Джозеф Кэмпбелл «Мифы для жизни»
Мифология любви
(1967)
Какая чудесная тема! И как прекрасен мир мифологии, прославляющей эту вселенскую тайну! Греки, помнится, считали Эроса, бога любви, старейшим из богов, но в то же время и самым молодым, так как он заново рождается в каждом любящем сердце и наполняет его романтикой. Более того, двум формам проявления этого божества соответствовали два вида любви — земная и небесная. А в представлении Данте, по классической традиции, любовь заставляет вращаться Вселенную и наполняет весь мир, от небесного престола Троицы до адских бездн.

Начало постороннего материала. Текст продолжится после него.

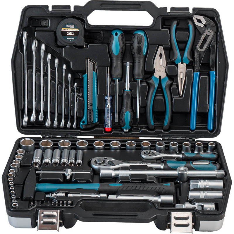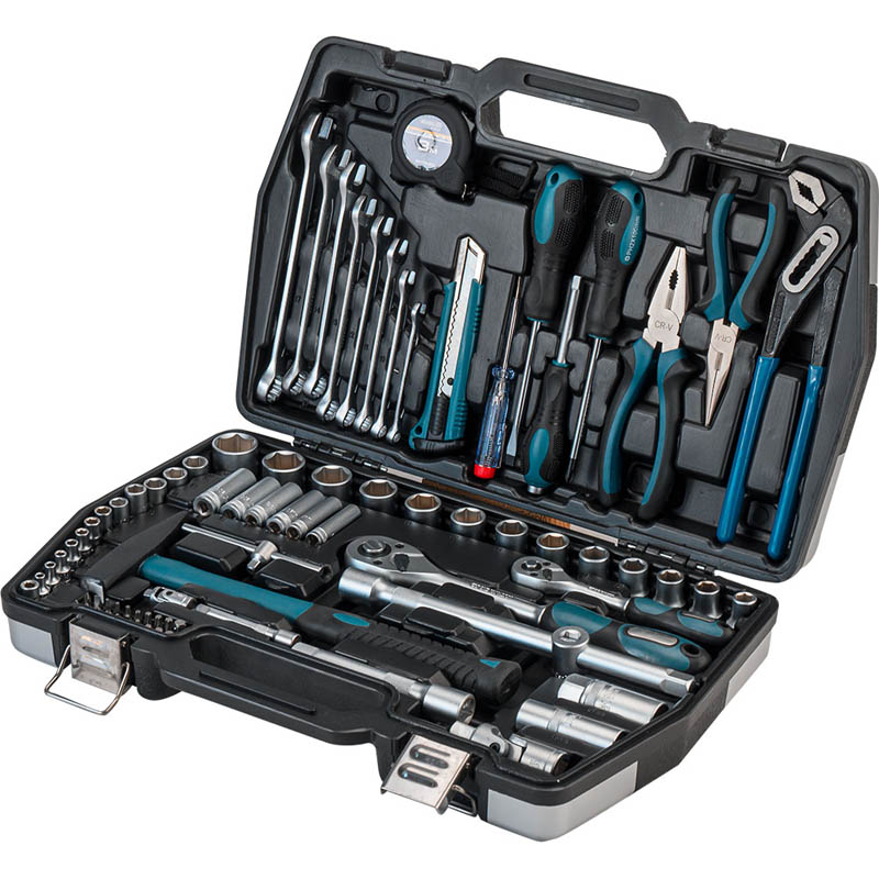Περιλαμβάνει:1x Μυτοτσίμπιδο (150mm)1x Γκαζοτανάλια (240mm)2x Κατσαβίδια: 6x100mm, PH2x100mm1x Κατσαβίδι με υποδοχή μυτών 150mm1x Δοκιμαστικό Κατσαβίδι 100-250V, CE8x Γερμανοπολύγωνα: 6-8-10-11-12-13-14-17mm1x Κοπίδι 18mm με 3 Λεπίδες1x Μέτρο Μεζούρα 3μ13x Καρδυδάκια ½": 10-11-12-13-14-15-16-17-18-19-21-22-241x Καστάνια ½", 72 Δόντια2x Προεκτάσεις ½""x5"" (125mm) & 10""(250mm)1x Αντάπτορας 3 Επιλογών1x Αρθωτός Σύνδεσμος ½"2x Καρυδάκια για Μπουζί ½""x16-21mm12x Καρυδάκια 1/4'': 4-4.5-5-5.5-6-7-8-9-10-11-12-131x Αντάπτορας 1/4"για Μύτες6x Καρυδάκια Μακρύλαιμα 1/4'': 8-9-10-11-12-13mm1x Καστάνια 1/4'', 72 Δόντια1x Προέκταση1/4''"x3""(75mm)1x Αρθωτός Σύνδεσμος 1/4"1x Ολισθαίνουσα Μανέλα Ταφ 110mm1x Σφυρί 300g, TUV/GS20x Μύτες, 1/4""x25mm1x Πένσα (180mm)Σε Πλαστική Βαλίτσα Μεταφοράς

Один из самых удивительных, по моему мнению, символов любви родился в Персии. Это мистическое толкование образа сатаны как самого верного приверженца Бога. Знаменитая древняя легенда утверждает, что Бог создал ангелов и приказал им не поклоняться никому, кроме Него. Однако, сотворив человека, Он велел им почтительно склониться перед этим благороднейшим творением. Люцифер отказался — как принято считать, из гордости. Однако, согласно мусульманскому прочтению, причина была в том, что он слишком сильно и пылко любил Бога и потому не мог заставить себя поклоняться кому-то еще. Именно за это он был брошен в преисподнюю и обречен на вечную разлуку с Возлюбленным.
Самая страшная из адских мук — не огонь или зловоние, а окончательное лишение возможности созерцать Бога. Какие бесконечные страдания должен испытывать изгнанный влюбленный, который даже по воле Бога не в силах был преклоняться перед любым другим существом!
Персидские поэты спрашивали: «В чем источник неисчерпаемой силы сатаны?» и отвечали: «В его памяти о голосе Божьем, когда он молвил: «Изыди!» Какой исключительный образ тонких духовных страданий, описывающий одновременно муки и восторги любви!
Другим примером из истории Персии служат жизнь и подвиги великого суфийского мистика Халладжа, подвергшегося пыткам и распятого в 922 году за слова о том, что он и его Возлюбленный — Бог — едины. Халладж сравнивал свою любовь к Богу с тягой мотылька к пламени. Ночная бабочка до рассвета кружит у горящей лампы, возвращается к сородичам с обожженными крыльями и рассказывает о прекрасной вещи, которую увидела, а следующей ночью желание воссоединиться с пламенем заставляет ее безрассудно влететь в него и стать единым целым.
Такие метафоры говорят о восторге, который все мы в той или иной мере переживали либо по меньшей мере воображали. Но есть и другой аспект любви, который некоторые, возможно, испытывают, и его образ также описан в персидском тексте. Это древняя зороастрийская легенда о прародителях человеческого рода. Там они изображены как одна тростинка, поднявшаяся из земли, — их единение было настолько тесным, что невозможно было понять, где кто. Со временем они, однако, отделились, а после снова слились и произвели на свет двоих детей. Родители так нежно и безудержно обожали детей, что проглотили их. Одного проглотила мать, второго — отец. Чтобы защитить род человеческий, Бог уменьшил родительскую любовь на 99 %, и после этого прародители произвели на свет еще семь пар детей, каждая из которых — слава Богу! — выжила.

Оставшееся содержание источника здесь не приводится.